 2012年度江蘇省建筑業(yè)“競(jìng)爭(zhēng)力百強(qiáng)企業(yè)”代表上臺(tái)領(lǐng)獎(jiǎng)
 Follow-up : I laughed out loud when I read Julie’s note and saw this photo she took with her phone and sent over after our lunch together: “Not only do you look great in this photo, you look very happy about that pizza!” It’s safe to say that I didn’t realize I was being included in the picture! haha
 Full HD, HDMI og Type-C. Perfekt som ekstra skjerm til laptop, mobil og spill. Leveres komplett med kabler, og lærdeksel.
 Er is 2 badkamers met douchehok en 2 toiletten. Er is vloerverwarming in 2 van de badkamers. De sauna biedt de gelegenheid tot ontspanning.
--
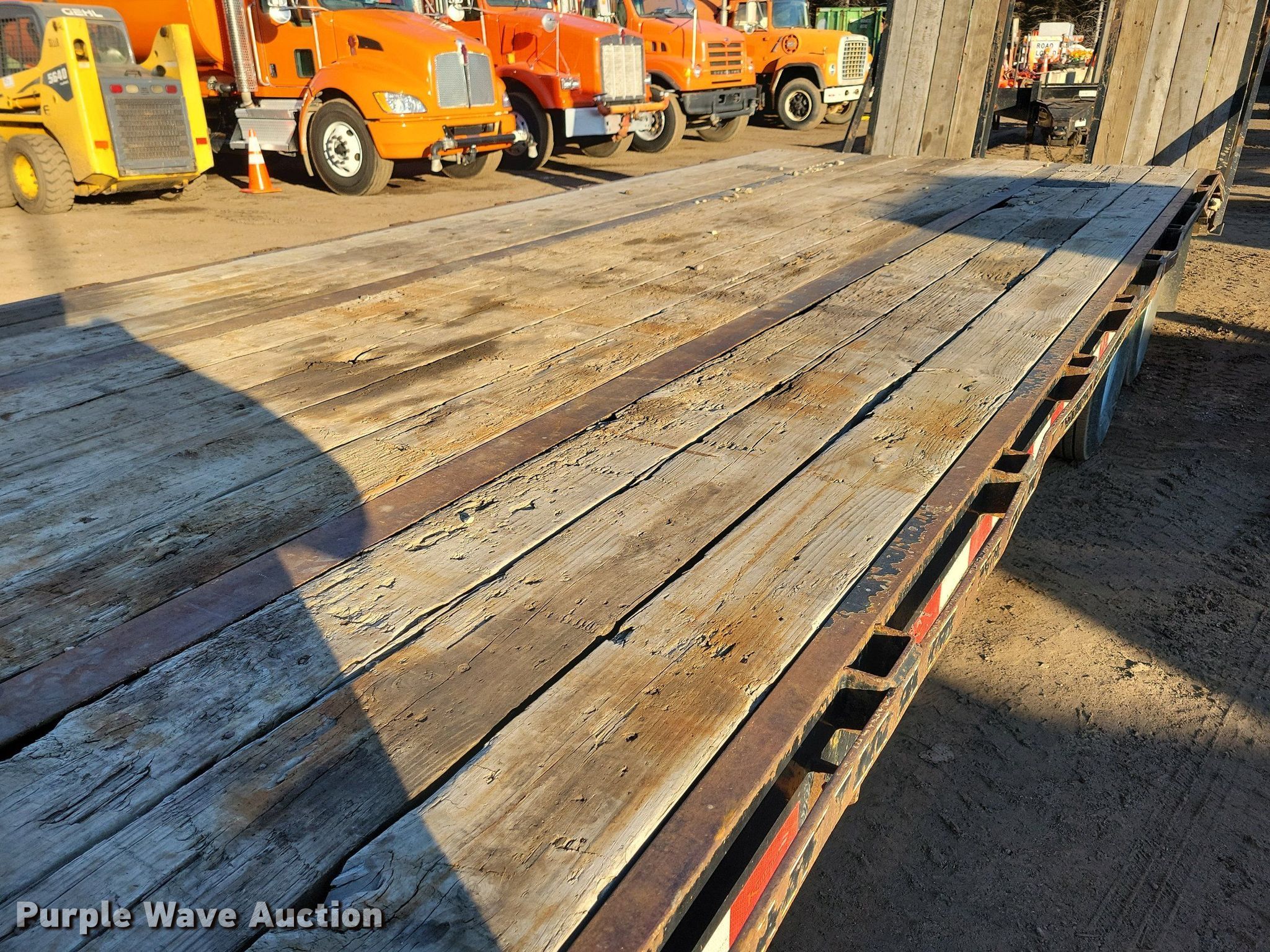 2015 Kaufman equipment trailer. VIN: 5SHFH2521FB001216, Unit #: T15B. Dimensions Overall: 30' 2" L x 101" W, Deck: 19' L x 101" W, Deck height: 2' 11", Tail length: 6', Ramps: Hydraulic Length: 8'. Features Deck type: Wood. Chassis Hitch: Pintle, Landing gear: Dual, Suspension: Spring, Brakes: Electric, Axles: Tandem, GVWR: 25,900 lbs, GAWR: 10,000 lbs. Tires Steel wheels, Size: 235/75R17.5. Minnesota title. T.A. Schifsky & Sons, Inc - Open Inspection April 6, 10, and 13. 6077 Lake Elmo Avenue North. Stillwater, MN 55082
* * *
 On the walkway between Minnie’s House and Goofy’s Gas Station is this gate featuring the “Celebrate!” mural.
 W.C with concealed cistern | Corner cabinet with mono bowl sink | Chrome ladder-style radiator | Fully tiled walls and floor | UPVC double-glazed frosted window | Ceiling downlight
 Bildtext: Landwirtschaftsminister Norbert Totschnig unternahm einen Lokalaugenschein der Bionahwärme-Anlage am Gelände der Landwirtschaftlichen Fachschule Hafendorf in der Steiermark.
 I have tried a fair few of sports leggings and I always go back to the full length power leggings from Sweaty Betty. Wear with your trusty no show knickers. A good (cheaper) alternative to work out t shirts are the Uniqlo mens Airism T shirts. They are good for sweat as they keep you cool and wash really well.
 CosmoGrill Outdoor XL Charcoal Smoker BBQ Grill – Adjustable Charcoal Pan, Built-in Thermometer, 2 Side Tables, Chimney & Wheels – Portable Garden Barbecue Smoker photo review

Problem requirements:
Could you repeat exactly the lines in the listing above from the one with "2012年度江蘇省建筑業(y" down to the one with "Er is 2 badkamers"? Include both of those lines.

Written solution:
 2012年度江蘇省建筑業(yè)“競(jìng)爭(zhēng)力百強(qiáng)企業(yè)”代表上臺(tái)領(lǐng)獎(jiǎng)
 Follow-up : I laughed out loud when I read Julie’s note and saw this photo she took with her phone and sent over after our lunch together: “Not only do you look great in this photo, you look very happy about that pizza!” It’s safe to say that I didn’t realize I was being included in the picture! haha
 Full HD, HDMI og Type-C. Perfekt som ekstra skjerm til laptop, mobil og spill. Leveres komplett med kabler, og lærdeksel.
 Er is 2 badkamers met douchehok en 2 toiletten. Er is vloerverwarming in 2 van de badkamers. De sauna biedt de gelegenheid tot ontspanning.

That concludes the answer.